- Try it
Below this line is a listing that includes pictures. Copy exactly, and only, the lines from the one containing "Catedral da Sagrada" through the one containing "子供たちがスポーツを楽しむ"; the pictures do not go in the copy.

- Data
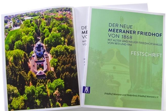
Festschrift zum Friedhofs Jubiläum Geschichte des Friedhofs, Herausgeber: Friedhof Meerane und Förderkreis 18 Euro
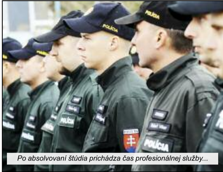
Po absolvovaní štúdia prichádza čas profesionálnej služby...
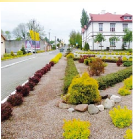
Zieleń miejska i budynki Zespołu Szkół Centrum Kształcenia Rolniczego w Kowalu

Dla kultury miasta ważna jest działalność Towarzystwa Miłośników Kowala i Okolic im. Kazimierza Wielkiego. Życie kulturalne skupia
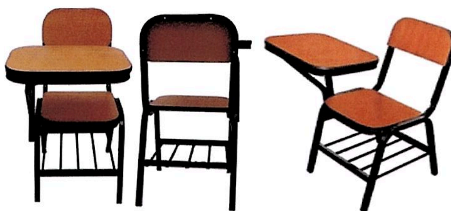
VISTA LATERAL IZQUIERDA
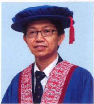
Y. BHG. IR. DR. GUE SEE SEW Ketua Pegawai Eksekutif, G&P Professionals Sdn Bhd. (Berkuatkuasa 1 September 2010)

==

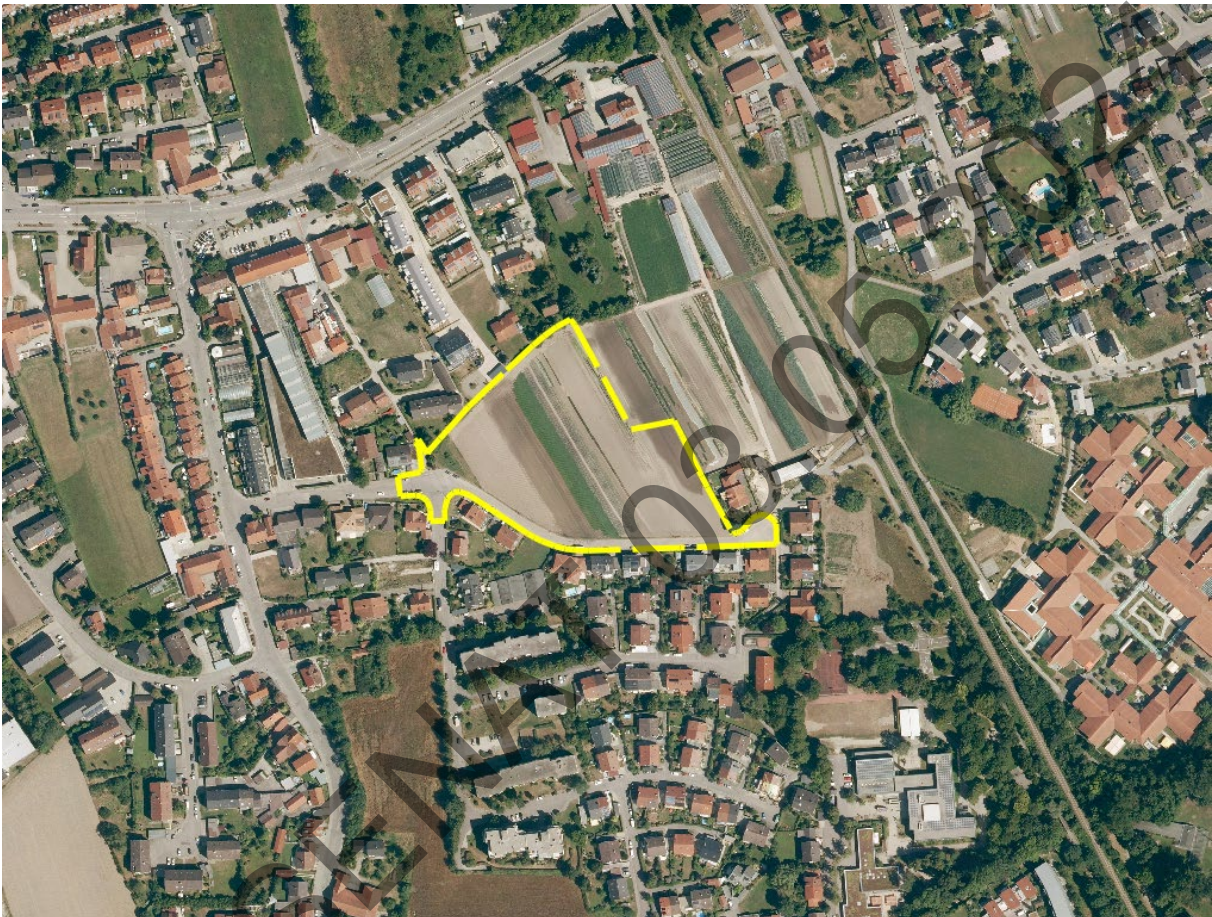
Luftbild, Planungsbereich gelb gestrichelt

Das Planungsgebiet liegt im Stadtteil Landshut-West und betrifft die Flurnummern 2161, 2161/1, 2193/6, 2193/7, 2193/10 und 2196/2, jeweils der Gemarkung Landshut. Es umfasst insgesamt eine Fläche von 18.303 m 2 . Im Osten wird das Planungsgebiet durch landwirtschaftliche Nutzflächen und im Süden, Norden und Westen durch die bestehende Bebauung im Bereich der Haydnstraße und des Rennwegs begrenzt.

---

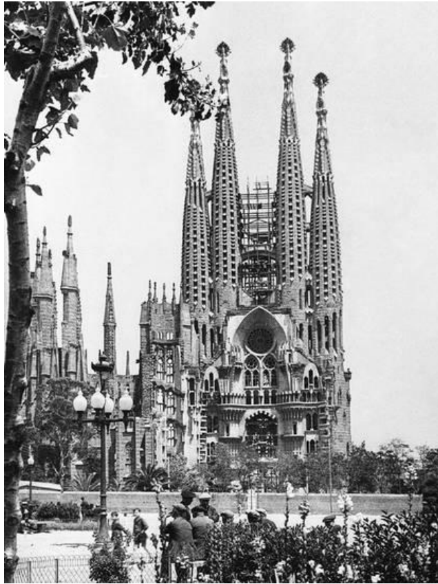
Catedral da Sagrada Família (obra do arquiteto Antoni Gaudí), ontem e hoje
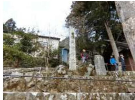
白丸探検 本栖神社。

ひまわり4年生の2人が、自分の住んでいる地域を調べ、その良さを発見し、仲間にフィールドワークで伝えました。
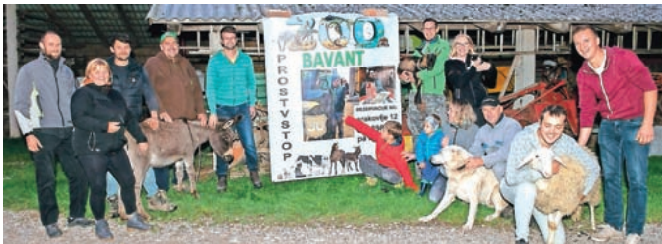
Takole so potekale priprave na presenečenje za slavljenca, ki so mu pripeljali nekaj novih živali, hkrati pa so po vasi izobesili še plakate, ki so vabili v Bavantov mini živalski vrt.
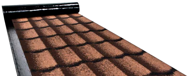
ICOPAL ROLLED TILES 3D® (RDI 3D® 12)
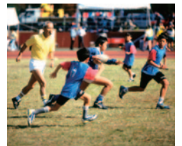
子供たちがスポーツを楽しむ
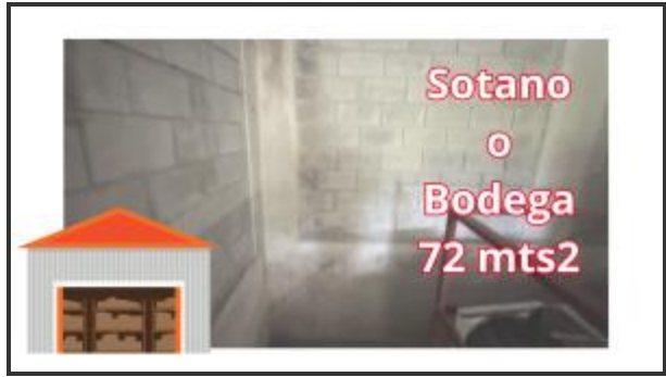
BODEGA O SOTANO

- Solution
Catedral da Sagrada Família (obra do arquiteto Antoni Gaudí), ontem e hoje
白丸探検 本栖神社。

ひまわり4年生の2人が、自分の住んでいる地域を調べ、その良さを発見し、仲間にフィールドワークで伝えました。
Takole so potekale priprave na presenečenje za slavljenca, ki so mu pripeljali nekaj novih živali, hkrati pa so po vasi izobesili še plakate, ki so vabili v Bavantov mini živalski vrt.
ICOPAL ROLLED TILES 3D® (RDI 3D® 12)
子供たちがスポーツを楽しむ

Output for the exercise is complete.